The family of three were driving on a major highway from the island of Penang to the northeastern coastal state of Terengganu at around 7.35 p.m. local time on Sunday, when it crashed into the elephant calf.

It had been drizzling and foggy at that time, Gerik Police added, and the car was “negotiating a left bend on the highway” when it hit the baby elephant.

“The car slammed into the young elephant that was walking on the road with the herd,” said Zulkifli Mahmood, Chief Superintendent at Gerik District Police.
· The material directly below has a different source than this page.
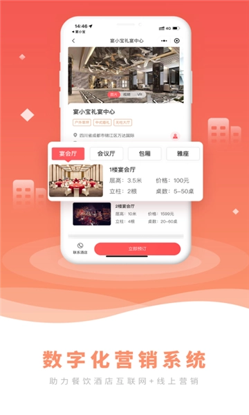 数字营销系统集成:整合VR全景、线上预订等功能,助力宴会酒店搭建私域流量体系。
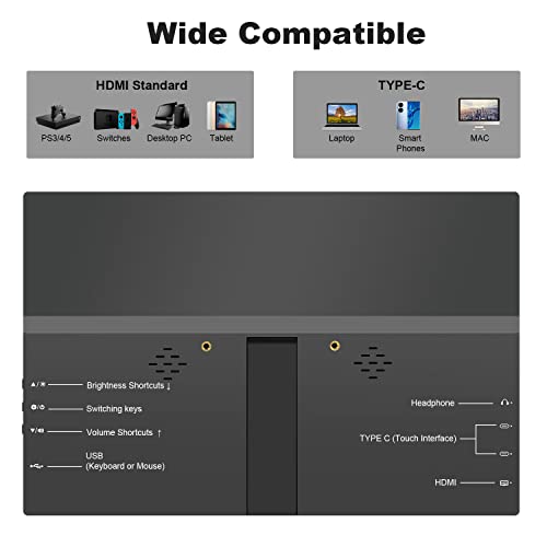 【Wide Compatibility】: Tragbares Display mit HDMI, USB-C-Anschlüsse machen es einfach Verbindung mit Laptops, PCs, Telefone (nicht enthalten iPhone) , Gaming-Geräte, ideal für die Erweiterung Ihres Bildschirms oder Spiele auf Geschäftsreise, Reisen oder Home Entertainment.

The calf fell to the ground upon impact, he added.

“Seeing this, the other (five) elephants rushed towards the car and started trampling it.”

The herd then left the area after the calf “got back up,” Mahmood said.

Gerik Police did not specify if the three family members had been inside the car during the incident but no deaths or serious injuries were reported in the police statement.

Photos provided showed extensive damage to the front and sides of the white vehicle, with its side doors caved in. All windows were also smashed.

Authorities did not provide further updates about the condition of the elephant baby.

An elephant in Borneo. - Sylvain CORDIER/Gamma-Rapho/Getty Images/File
An elephant in Borneo. - Sylvain CORDIER/Gamma-Rapho/Getty Images/File

Elephant-human encounters

As a result of Malaysia’s rapid development of highways, wild elephants across the peninsula have lost large amounts of forest cover, forcing many to venture out to roads to find food, conservationists say.

In the latest accident, Gerik police warned drivers to exercise more caution on highways as herds of elephants regularly roam the area.

Signs warning drivers of elephant crossings are also put up along many highways, particularly in the country’s north but accidents have still occured.

In 2017, a baby elephant was discovered dead on the side of a highway, apparently killed by a car believed to have been speeding, elephant conservation group Management and Ecology of Malaysian Elephants (MEME) said at the time.

Other elephant encounters are also reported on several highways.

In May 2022, a lone adult elephant was spotted walking along a highway also in the Gerik area. Videos shared on social media showed the elephant ambling past bewildered drivers.

In 2020, a distressed adult elephant trampled on a car that had been traveling on the same highway as the latest incident. The elephant was believed to have panicked after several vehicles started honking at it, local authorities said at the time.